Saturday 7th July 7.30 pm
St Michael’s Church, Ilsington
Entrance free; Retiring Collection
Saturday 14th July 7.30 pm
St Lawrence Chapel, Ashburton
Entrance free; Retiring collection
Joseph Haydn
Joined by organist Ian Curror and a string orchestra led by Susan Smallshire, the Ashburton Singers directed by Bridget Ansell performed Haydn Little Organ Mass and Rheinberger Stabat Mater
Haydn’s Missa Brevis Sancti Johannis de Deo, known as the Little Organ Mass, was composed in the mid-1770s for the Brothers of Mercy who ran the hospital in Eisenstadt, where Haydn lived while employed by Prince Esterhazy.
Intimate and short, with some movements less than a minute long, this cheerful work is full of expressive melody and quiet reverence.
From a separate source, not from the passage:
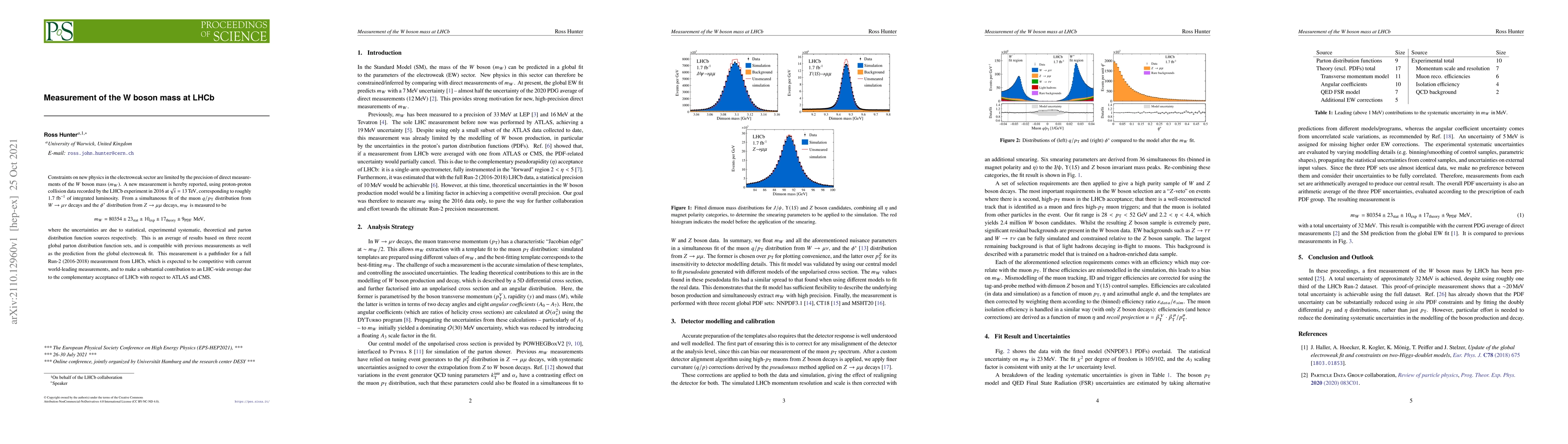 The LHCb experiment measured the W boson mass at the LHC to be $80354 \pm 23_{\textrm{stat}} \pm 10_{\textrm{exp}} \pm 17_{\textrm{theory}} \pm 9_{\textrm{PDF}} \,\textrm{MeV}$, contributing to constraints on new physics and complementing existing measurements. This result paves the way for more precise measurements during Run-2.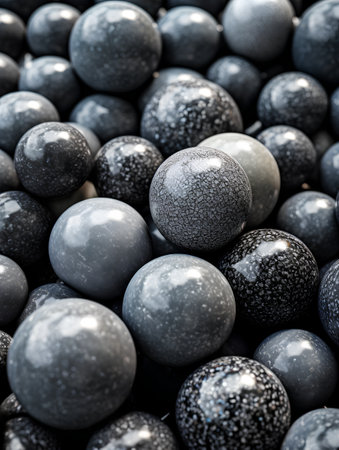 A close-up of a field of colorful, round balls with a variety of textures. The depth of field makes the balls in the background out of focus, creating an abstract composition.

It is scored for solo soprano, a four-part choir and modest orchestra with an organ, which has a charming solo in the Benedictus.
A feminine perspective can be felt in Rheinberger’s dramatic and heartfelt Stabat Mater. Rheinberger’s music stands firmly in the line from Bach, Haydn and Beethoven, and his style is characterised by flowing melodic lines and the expressive use of harmonic colour.
Other seasonal music in the programme included Mozart’s Ave verum corpus, composed in the last year of his short life and justly counted among the most famous and well-loved choral pieces, and music by Victoria, Byrd, Bach, Beethoven, Bruckner and Gjeilo
Saturday 24th March 7.30 pm
St Luke’s Church, Buckfastleigh
Free entry Retiring collection
The Ashburton Singers warmly invite you to raise your voices with choir and organ in several well-known Advent Carols during our concerts of varied and evocative music for Advent.
Composers and musicians have for centuries found inspiration in the seasonal texts of Prophecy and the Virgin birth and consequently there is a wealth of magnificent music in which to celebrate this time of year.
The Singers present a programme of European sacred music, both accompanied and unaccompanied, from the sixteenth to twentieth centuries accompanied on the organ by Stephen Tanner.
From the joyful “Angelus ad Virginem” in a lively setting by Andrew Carter to the contemplative “How beautiful upon the mountains” by John Stainer, the concert includes music by the German Renaissance composers Michael Praetorius and Johannes Eccard and hymns to the Virgin by Arvo Part and Sergei Rachmaninov.
There will also be the opportunity to join with choir and organ in well-loved Advent hymns such as “On Jordan’s Bank” and “Hills of the North, Rejoice!”
Saturday 25th November
With Stephen Tanner Organ
St. Luke’s Church, Buckfastleigh
Interval refreshments include mince pies, mulled wine and mulled apple juice.
Entrance free – retiring collection
Saturday 16th December
Ipplepen Methodist Church
Interval refreshments
Entrance free – retiring collection
Proceeds to the building fund
All concerts start at 7.30 pm
This summer the Ashburton Singers will be taking their summer concert of sacred and secular music on tour to some of the most interesting and beautiful churches in the area.
The Ashburton Singers are delighted to be taking part in this celebration of the many and varied amateur choirs singing in and around Ashburton.